Aim of the exercise: Print exactly the lines below between the line holding "- Hinged front" and the line holding "En fecha 24", inclusive, and nothing more.

Data provided:
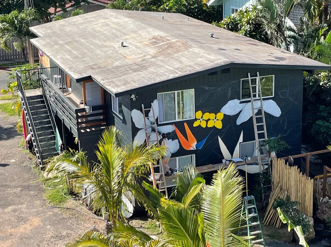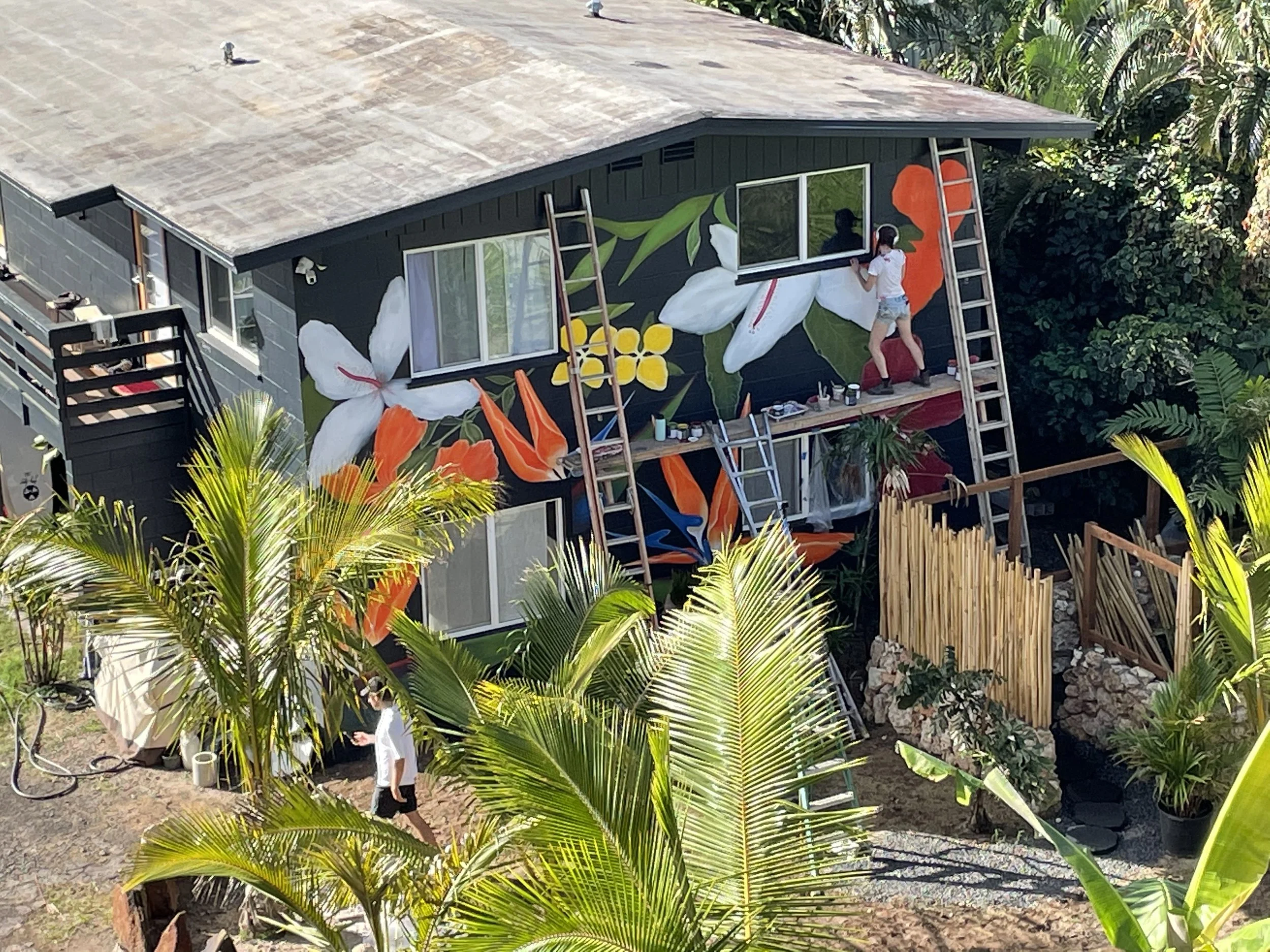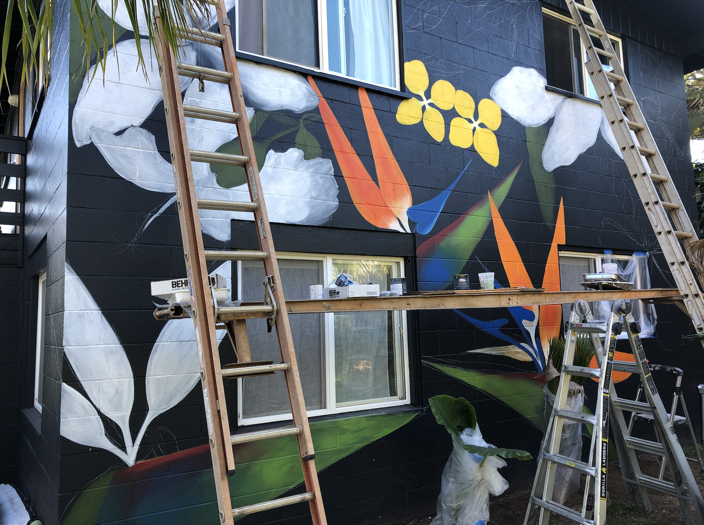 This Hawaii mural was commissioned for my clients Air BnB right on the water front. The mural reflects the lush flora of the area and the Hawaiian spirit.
...
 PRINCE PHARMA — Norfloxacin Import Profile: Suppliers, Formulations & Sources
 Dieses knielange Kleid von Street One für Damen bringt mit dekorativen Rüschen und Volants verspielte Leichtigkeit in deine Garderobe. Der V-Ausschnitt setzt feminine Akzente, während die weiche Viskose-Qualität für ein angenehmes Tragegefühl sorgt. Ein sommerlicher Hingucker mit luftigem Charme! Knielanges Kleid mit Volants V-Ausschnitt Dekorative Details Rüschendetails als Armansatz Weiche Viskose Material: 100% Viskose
...
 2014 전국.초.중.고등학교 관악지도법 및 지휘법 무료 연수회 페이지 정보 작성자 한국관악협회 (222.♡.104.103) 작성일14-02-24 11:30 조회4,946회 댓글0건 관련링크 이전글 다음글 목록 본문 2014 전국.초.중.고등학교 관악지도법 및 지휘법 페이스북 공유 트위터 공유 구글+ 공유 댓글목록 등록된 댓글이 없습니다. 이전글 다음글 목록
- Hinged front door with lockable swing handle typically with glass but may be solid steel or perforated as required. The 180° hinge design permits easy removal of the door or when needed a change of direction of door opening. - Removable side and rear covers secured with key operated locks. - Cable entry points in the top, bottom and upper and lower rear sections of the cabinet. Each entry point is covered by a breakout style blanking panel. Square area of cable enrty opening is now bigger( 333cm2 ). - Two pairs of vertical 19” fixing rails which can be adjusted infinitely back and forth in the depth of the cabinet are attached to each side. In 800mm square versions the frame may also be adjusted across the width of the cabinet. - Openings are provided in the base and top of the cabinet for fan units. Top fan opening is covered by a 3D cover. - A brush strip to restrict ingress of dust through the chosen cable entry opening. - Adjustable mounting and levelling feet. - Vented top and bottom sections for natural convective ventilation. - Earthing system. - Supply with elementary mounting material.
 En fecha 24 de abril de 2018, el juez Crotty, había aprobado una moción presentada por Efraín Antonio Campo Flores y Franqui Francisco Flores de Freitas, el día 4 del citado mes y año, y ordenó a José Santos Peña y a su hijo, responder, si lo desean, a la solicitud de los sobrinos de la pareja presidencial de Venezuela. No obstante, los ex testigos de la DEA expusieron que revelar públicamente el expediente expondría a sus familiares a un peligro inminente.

Finished exercise:
- Hinged front door with lockable swing handle typically with glass but may be solid steel or perforated as required. The 180° hinge design permits easy removal of the door or when needed a change of direction of door opening. - Removable side and rear covers secured with key operated locks. - Cable entry points in the top, bottom and upper and lower rear sections of the cabinet. Each entry point is covered by a breakout style blanking panel. Square area of cable enrty opening is now bigger( 333cm2 ). - Two pairs of vertical 19” fixing rails which can be adjusted infinitely back and forth in the depth of the cabinet are attached to each side. In 800mm square versions the frame may also be adjusted across the width of the cabinet. - Openings are provided in the base and top of the cabinet for fan units. Top fan opening is covered by a 3D cover. - A brush strip to restrict ingress of dust through the chosen cable entry opening. - Adjustable mounting and levelling feet. - Vented top and bottom sections for natural convective ventilation. - Earthing system. - Supply with elementary mounting material.
 En fecha 24 de abril de 2018, el juez Crotty, había aprobado una moción presentada por Efraín Antonio Campo Flores y Franqui Francisco Flores de Freitas, el día 4 del citado mes y año, y ordenó a José Santos Peña y a su hijo, responder, si lo desean, a la solicitud de los sobrinos de la pareja presidencial de Venezuela. No obstante, los ex testigos de la DEA expusieron que revelar públicamente el expediente expondría a sus familiares a un peligro inminente.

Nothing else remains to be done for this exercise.